• Material shown:
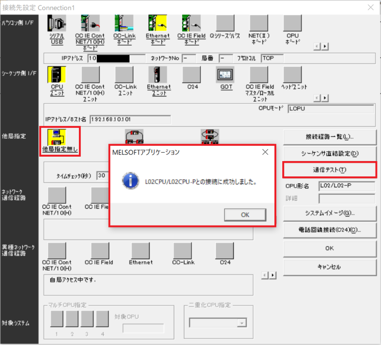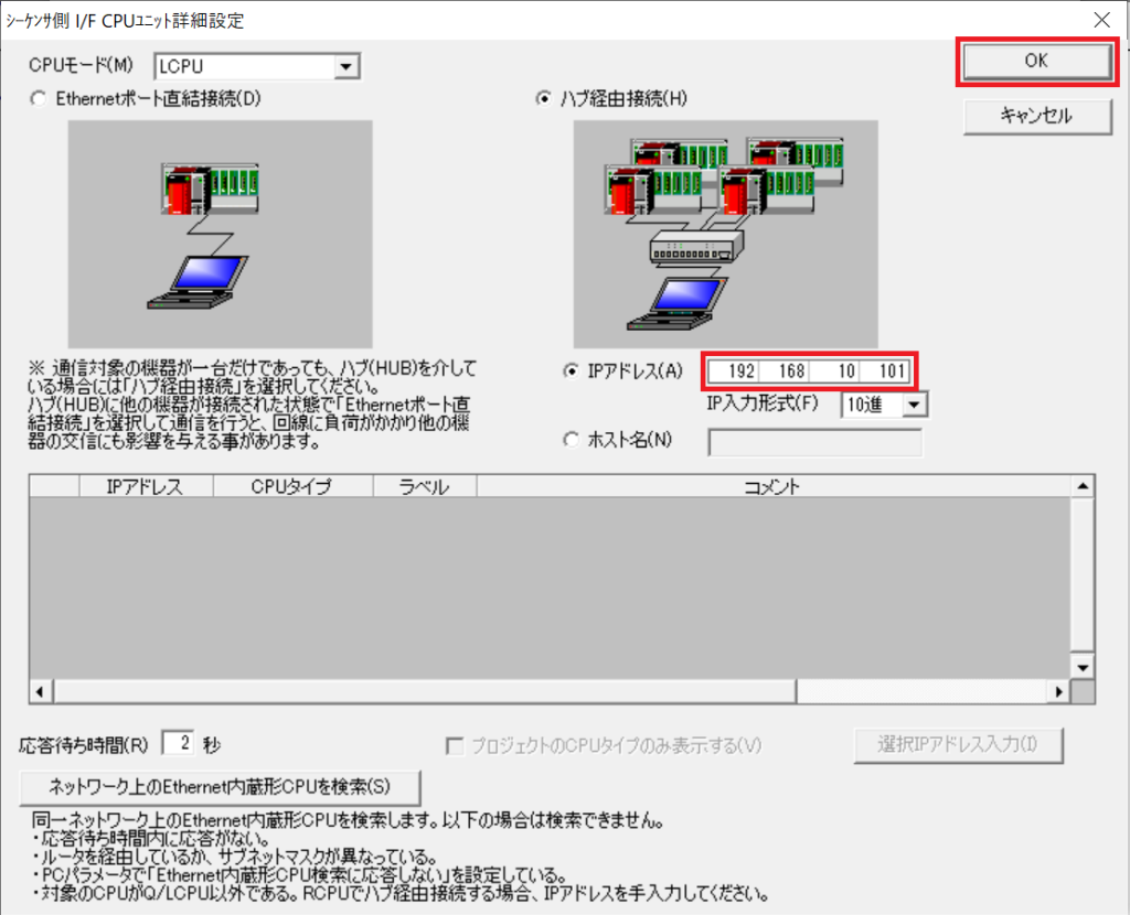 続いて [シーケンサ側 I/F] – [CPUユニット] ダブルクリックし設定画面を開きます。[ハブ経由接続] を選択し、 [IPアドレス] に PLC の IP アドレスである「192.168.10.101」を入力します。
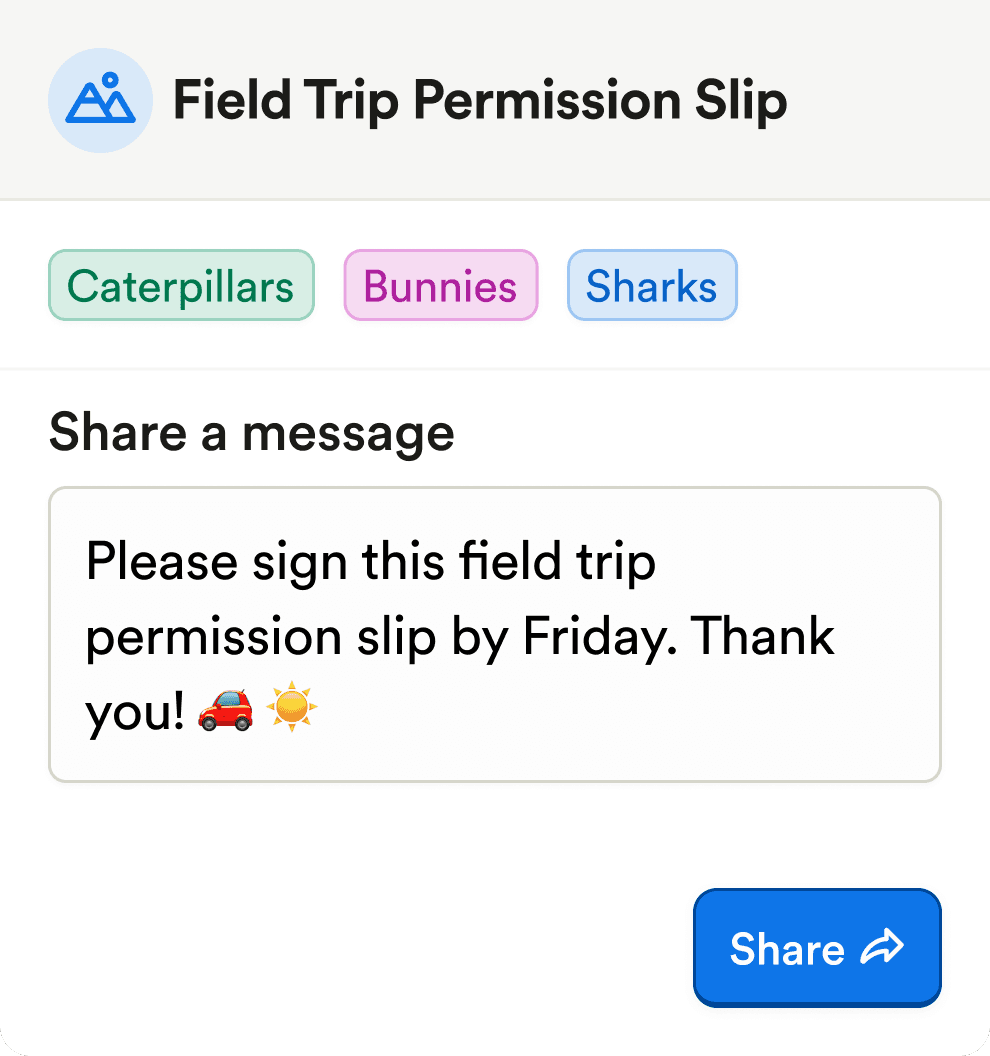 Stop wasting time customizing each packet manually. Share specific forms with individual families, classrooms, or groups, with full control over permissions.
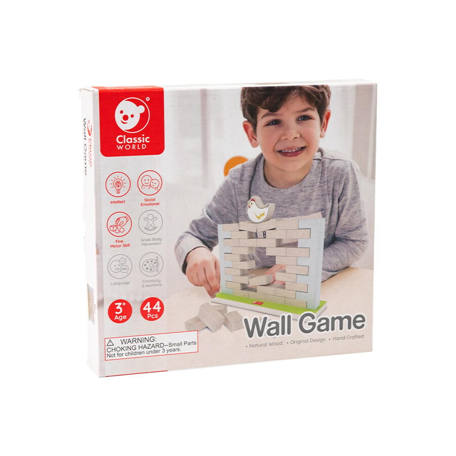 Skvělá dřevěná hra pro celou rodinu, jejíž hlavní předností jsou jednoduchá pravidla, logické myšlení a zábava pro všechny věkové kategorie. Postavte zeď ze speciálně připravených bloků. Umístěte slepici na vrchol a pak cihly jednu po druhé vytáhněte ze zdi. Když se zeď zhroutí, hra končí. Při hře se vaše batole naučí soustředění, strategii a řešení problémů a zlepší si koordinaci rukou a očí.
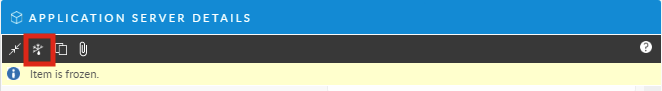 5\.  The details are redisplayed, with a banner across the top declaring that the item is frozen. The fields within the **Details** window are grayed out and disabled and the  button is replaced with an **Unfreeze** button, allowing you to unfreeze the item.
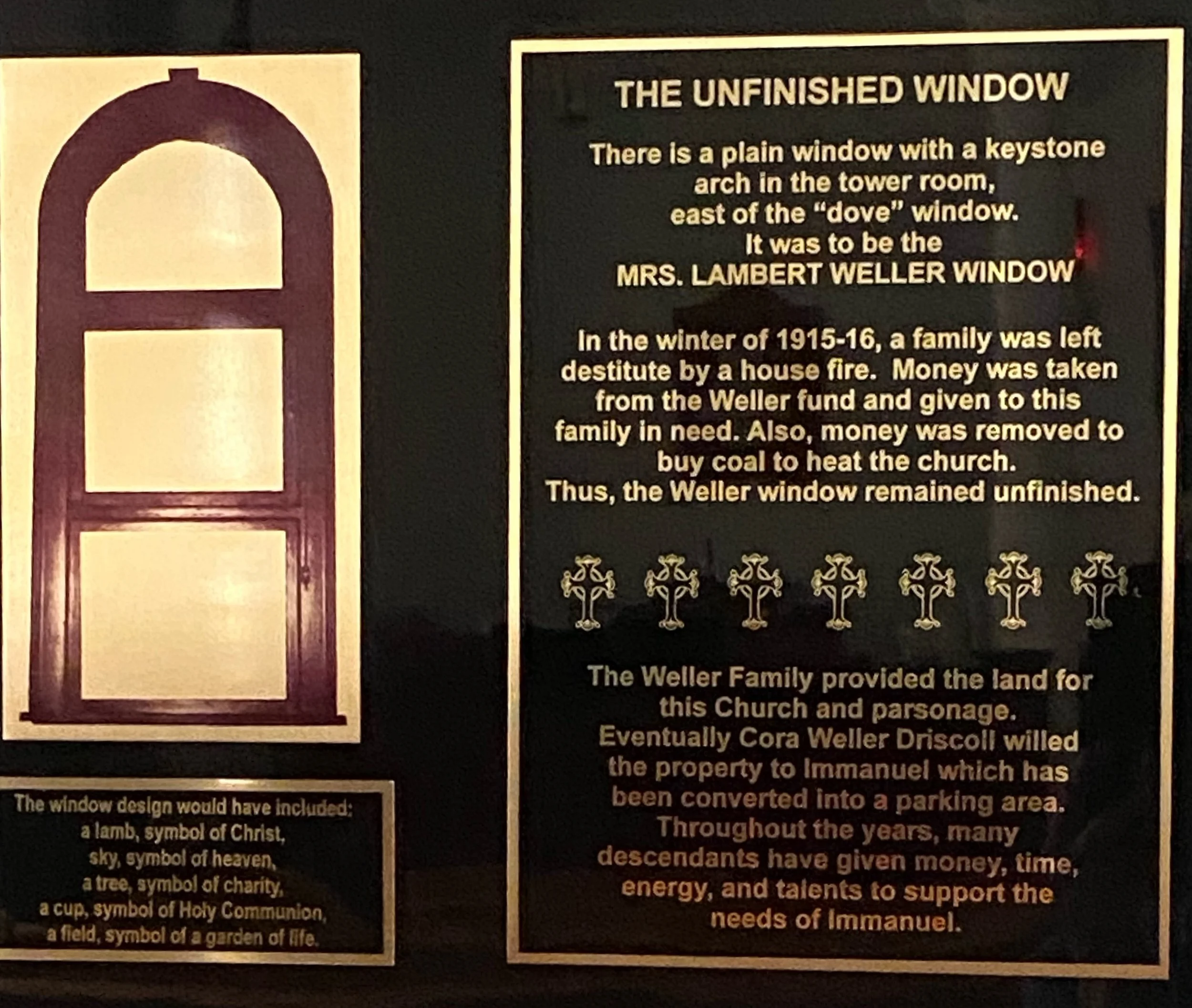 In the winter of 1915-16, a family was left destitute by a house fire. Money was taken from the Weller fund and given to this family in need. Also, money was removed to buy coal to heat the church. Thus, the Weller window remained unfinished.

• Requirement: All that is wanted is each line, word for word, from the first line of the data to the one holding "Stop wasting time", with the pictures left out.

• The answer:
 続いて [シーケンサ側 I/F] – [CPUユニット] ダブルクリックし設定画面を開きます。[ハブ経由接続] を選択し、 [IPアドレス] に PLC の IP アドレスである「192.168.10.101」を入力します。
 Stop wasting time customizing each packet manually. Share specific forms with individual families, classrooms, or groups, with full control over permissions.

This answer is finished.